WORK ITEM: Take the entries that follow and return exactly the lines from the one holding "Student devices and" through the one holding "Сезон Недвижимости, агентство", both included. Nothing else is needed.

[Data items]
************

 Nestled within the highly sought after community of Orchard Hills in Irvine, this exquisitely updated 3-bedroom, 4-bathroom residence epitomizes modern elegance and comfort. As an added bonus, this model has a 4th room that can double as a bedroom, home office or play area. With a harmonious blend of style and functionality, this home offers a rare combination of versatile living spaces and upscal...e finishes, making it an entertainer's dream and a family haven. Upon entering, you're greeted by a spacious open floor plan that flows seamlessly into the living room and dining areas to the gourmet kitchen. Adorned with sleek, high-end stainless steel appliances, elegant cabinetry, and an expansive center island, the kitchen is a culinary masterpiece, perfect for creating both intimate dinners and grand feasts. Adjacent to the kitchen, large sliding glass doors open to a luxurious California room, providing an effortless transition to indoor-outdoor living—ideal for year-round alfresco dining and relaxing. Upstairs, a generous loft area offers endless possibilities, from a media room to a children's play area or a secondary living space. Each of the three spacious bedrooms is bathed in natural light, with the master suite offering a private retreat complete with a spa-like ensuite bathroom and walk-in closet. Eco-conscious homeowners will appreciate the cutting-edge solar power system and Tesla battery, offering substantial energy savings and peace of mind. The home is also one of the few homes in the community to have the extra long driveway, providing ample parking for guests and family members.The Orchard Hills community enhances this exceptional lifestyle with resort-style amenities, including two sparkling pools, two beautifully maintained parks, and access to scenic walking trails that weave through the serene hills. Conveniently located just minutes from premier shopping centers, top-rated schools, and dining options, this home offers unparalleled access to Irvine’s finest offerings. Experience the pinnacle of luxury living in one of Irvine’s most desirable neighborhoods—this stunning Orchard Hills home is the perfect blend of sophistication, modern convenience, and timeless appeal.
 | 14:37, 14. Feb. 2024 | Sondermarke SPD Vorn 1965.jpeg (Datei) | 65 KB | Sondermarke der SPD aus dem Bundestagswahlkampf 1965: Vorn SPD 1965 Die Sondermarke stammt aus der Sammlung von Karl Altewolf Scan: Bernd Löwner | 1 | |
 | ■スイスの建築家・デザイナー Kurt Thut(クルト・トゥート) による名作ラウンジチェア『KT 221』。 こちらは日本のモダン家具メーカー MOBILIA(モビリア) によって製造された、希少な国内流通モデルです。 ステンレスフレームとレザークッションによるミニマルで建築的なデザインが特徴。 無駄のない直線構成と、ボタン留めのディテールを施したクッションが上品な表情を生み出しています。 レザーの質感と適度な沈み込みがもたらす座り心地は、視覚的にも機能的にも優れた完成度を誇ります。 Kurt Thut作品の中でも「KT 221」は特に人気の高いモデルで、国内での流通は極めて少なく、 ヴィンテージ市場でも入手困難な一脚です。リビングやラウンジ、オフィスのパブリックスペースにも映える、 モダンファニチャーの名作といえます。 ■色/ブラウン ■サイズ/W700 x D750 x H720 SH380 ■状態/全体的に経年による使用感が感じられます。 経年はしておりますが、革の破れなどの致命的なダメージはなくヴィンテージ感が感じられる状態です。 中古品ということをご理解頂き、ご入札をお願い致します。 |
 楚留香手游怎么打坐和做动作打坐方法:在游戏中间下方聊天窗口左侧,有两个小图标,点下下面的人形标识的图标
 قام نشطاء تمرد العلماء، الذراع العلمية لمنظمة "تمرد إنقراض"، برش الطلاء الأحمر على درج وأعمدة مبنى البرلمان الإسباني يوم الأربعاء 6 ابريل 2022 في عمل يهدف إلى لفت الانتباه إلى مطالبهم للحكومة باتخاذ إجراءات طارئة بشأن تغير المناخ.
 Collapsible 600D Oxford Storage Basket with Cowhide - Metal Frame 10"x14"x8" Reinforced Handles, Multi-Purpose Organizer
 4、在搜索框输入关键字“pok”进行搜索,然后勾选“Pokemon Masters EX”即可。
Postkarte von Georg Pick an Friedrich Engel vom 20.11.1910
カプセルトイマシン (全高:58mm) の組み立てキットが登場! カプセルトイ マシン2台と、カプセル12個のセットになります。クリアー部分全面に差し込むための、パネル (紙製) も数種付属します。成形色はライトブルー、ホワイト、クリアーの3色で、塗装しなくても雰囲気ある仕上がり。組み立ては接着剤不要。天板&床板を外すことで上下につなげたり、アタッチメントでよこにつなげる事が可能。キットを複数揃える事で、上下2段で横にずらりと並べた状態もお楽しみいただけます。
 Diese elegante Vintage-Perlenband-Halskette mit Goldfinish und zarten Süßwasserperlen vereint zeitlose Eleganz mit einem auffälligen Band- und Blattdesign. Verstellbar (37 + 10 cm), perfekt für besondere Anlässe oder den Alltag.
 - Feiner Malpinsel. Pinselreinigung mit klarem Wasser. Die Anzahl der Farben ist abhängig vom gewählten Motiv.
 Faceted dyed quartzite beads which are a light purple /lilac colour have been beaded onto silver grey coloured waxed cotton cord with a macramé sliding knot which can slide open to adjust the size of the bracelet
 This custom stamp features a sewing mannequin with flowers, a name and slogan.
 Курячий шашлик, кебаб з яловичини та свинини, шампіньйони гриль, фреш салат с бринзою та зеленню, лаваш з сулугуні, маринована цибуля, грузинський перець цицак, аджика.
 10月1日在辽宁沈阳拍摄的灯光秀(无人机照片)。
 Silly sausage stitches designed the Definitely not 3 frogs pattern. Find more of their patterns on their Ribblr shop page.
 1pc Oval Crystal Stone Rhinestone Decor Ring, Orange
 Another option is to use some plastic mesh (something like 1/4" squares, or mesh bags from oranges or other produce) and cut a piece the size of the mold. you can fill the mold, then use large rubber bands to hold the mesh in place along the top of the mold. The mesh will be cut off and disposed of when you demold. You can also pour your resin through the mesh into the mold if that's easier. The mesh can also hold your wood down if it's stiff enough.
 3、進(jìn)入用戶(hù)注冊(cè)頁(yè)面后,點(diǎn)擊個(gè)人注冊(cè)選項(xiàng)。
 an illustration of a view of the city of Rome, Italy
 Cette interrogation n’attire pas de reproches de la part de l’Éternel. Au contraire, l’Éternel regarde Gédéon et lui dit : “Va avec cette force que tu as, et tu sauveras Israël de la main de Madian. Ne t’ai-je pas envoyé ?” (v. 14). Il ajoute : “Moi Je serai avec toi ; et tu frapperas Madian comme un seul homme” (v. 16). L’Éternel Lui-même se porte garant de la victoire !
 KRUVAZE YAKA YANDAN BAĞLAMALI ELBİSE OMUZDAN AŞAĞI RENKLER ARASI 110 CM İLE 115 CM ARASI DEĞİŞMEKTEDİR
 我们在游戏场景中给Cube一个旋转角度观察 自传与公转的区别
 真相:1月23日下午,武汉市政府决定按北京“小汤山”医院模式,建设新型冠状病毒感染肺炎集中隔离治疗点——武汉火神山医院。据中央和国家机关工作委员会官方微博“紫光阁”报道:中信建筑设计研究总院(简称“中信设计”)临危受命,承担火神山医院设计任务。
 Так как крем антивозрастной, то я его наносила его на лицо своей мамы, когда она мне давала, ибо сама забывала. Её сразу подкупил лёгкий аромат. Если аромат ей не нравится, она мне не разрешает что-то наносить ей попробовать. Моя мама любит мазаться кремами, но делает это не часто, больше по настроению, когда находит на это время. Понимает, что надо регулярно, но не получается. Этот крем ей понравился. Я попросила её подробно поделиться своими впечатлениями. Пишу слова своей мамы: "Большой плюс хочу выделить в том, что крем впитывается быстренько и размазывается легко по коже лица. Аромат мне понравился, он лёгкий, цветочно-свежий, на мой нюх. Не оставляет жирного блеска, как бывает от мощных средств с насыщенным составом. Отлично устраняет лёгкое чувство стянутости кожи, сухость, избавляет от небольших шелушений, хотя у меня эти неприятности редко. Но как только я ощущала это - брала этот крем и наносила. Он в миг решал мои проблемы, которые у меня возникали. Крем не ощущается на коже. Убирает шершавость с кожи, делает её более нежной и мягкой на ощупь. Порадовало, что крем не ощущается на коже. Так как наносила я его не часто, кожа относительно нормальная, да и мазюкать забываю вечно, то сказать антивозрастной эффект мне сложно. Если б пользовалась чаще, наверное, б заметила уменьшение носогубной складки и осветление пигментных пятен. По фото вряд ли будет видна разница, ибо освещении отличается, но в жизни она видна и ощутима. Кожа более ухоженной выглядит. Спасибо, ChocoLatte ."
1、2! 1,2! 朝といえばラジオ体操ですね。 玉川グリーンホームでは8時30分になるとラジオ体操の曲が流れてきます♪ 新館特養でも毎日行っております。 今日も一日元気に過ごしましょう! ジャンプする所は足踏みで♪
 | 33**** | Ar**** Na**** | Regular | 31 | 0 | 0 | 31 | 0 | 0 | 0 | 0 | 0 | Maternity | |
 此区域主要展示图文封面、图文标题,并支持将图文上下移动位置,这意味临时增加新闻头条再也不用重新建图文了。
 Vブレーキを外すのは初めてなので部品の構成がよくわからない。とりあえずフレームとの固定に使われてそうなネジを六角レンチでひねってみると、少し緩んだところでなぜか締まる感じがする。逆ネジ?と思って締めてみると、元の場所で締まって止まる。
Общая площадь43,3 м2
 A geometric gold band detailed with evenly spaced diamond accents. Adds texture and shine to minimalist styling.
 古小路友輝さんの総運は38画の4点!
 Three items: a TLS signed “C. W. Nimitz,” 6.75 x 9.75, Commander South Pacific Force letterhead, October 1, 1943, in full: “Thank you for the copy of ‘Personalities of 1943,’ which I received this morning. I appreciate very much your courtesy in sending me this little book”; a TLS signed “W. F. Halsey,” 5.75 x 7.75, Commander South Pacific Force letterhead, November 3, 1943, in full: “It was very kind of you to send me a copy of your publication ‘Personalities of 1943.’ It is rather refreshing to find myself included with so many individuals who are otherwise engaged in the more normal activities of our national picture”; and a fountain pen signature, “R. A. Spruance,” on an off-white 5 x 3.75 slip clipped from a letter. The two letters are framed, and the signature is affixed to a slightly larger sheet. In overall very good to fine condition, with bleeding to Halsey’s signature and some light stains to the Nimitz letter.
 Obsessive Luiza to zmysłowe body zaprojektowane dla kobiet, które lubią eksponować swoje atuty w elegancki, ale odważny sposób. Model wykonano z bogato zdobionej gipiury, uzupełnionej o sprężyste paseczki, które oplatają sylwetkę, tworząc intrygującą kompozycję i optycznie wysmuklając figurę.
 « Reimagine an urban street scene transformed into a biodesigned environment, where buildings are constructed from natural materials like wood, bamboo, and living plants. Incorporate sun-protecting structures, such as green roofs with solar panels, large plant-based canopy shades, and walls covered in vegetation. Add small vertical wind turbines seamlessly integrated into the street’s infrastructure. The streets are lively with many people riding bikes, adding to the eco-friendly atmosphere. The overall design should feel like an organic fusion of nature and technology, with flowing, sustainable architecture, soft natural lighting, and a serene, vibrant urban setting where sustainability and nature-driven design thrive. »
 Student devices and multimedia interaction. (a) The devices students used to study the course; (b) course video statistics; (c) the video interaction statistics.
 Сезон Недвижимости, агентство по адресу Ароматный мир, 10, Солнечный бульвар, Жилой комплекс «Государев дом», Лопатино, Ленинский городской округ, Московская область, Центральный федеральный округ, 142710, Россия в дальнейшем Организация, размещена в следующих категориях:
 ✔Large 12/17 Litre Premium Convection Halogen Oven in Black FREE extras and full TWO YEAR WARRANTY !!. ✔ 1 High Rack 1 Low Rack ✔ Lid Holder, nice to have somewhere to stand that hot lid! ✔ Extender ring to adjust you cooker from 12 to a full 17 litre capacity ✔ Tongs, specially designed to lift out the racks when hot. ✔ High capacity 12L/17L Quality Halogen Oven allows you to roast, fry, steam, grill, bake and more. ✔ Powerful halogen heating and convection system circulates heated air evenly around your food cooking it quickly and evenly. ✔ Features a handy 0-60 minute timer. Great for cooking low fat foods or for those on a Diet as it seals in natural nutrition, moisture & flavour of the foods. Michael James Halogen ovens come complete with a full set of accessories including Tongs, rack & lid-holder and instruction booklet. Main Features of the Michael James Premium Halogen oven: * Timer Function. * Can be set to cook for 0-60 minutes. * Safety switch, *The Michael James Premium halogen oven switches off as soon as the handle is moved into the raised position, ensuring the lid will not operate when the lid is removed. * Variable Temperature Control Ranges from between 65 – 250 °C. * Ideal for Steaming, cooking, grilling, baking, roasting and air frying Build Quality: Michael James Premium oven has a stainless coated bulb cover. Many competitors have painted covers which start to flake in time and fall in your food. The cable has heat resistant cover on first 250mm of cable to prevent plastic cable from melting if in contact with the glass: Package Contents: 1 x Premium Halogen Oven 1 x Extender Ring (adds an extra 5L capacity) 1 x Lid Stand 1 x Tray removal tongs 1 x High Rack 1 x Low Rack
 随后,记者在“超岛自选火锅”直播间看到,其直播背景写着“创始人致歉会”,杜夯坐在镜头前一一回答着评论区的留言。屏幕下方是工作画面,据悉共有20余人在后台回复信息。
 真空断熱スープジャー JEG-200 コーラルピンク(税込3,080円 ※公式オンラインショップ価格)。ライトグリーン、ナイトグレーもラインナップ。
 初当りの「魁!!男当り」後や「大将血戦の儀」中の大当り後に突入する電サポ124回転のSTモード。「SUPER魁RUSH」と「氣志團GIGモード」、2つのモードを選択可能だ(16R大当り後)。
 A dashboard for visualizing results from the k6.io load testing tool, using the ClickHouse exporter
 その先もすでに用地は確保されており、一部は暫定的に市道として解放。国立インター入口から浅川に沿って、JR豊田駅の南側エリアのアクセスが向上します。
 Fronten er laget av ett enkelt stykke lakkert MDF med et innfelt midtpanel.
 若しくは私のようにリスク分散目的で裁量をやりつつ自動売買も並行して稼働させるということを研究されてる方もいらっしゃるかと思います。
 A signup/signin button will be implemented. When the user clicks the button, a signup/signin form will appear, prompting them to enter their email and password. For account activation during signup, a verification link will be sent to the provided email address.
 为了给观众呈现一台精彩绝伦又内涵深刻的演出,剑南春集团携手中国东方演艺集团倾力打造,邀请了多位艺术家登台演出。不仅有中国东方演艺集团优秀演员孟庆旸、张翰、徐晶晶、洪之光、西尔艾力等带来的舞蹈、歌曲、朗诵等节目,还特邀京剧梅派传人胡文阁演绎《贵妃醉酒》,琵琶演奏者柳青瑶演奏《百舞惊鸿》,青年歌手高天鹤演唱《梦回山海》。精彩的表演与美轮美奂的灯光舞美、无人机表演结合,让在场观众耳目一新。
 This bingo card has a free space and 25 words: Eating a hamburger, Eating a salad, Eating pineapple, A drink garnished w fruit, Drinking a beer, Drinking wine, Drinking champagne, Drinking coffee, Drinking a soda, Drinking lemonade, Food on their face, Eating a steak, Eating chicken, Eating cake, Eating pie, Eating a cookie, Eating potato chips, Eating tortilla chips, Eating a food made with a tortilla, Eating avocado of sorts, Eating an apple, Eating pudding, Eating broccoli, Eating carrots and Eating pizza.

************

RESPONSE:
 Student devices and multimedia interaction. (a) The devices students used to study the course; (b) course video statistics; (c) the video interaction statistics.
 Сезон Недвижимости, агентство по адресу Ароматный мир, 10, Солнечный бульвар, Жилой комплекс «Государев дом», Лопатино, Ленинский городской округ, Московская область, Центральный федеральный округ, 142710, Россия в дальнейшем Организация, размещена в следующих категориях:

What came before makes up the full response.